Thanks Mark x 2 – a clear explanation of why a) a salt need not be encrypted and b) why they’re used. Quite a clever solution to ensuring that two ‘base’ passwords don’t result in the same hash. I’m presuming this then negates the use of rainbow tables to find passwords: is that true?


Yes – you need one rainbow table *per salt*, so the rainbow table is a complete waste of time and space given that you can’t use it again.


What would be the final ideal solution to prevent problems like these (some old server/applications on the internet not keep up with security standards ?) . Could browsers (through some means) play any role in ensuring the application/server the user is trying to speak to uses a secure hash function (ofcourse, with salt) to store passwords .


There is no mechanism for browsers to do that, and even if they could they would still be left trusting some kind of response generated by the server that amounts to “yeah, sure, we’re hashing properly”. If you want to know how that would turn out, take a look at the Do Not Track debacle.

The fundamental problem is that with passwords you have to share a secret with a server and trust it to look after that secret for you.

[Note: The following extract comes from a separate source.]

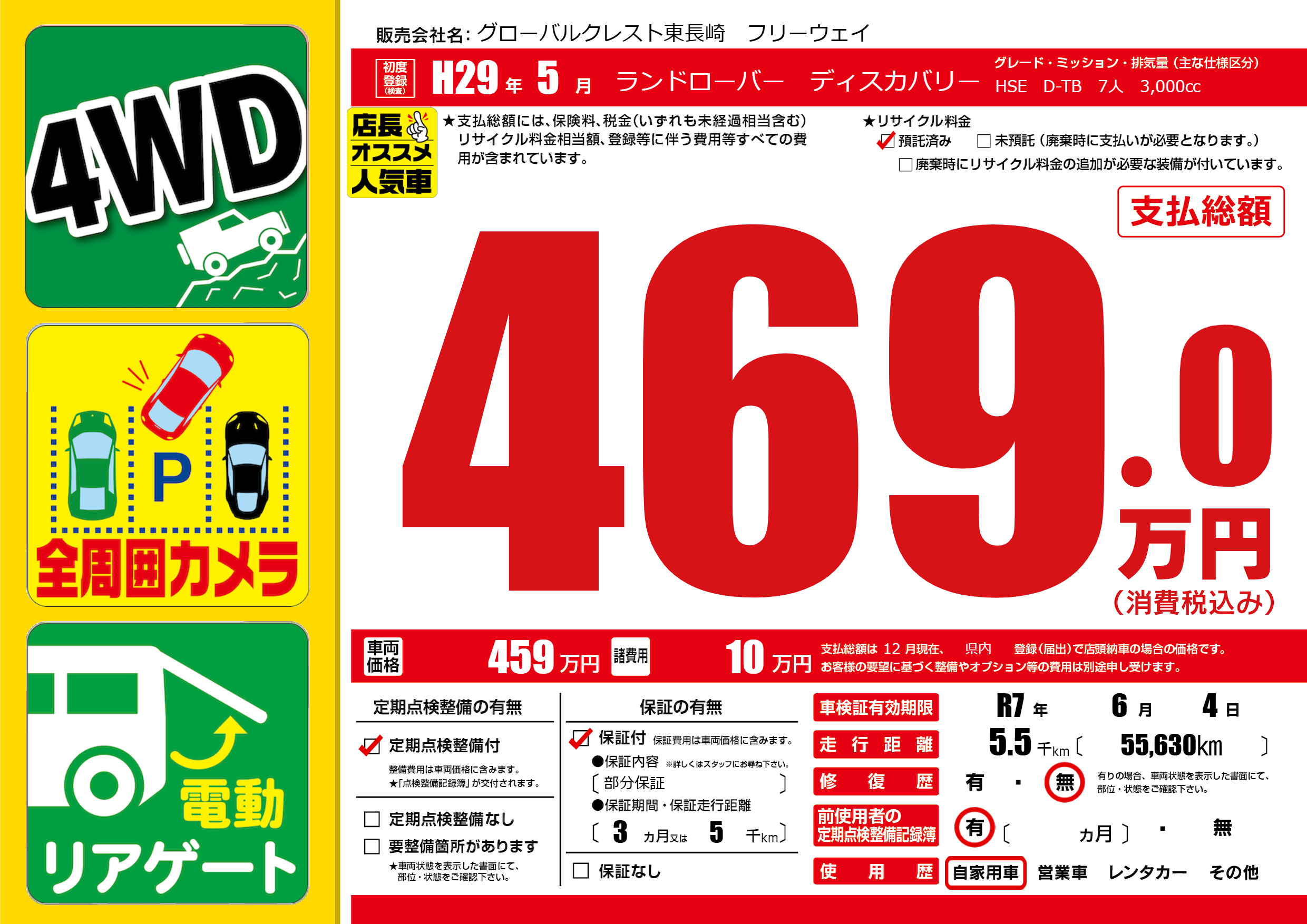 | 車名 | ランドローバー ディスカバリー | グレード ミッション 排気量 |

You cannot force the admins to do it well, can’t see if they’re doing it well, and can’t see if they’re keeping up. Even if a site is doing it ‘right’ by using bcrypt, for example, it needs to keep doing it right by ratcheting up the iterations, year-on-year, to match improvements in computing power per dollar.

The ultimate solution is WebAuthn/FIDO2, which uses public key cryptography for authentication and does not require the web server to store a password or any other secrets. If a site is breached the crook gets your public key, which is of no value at all.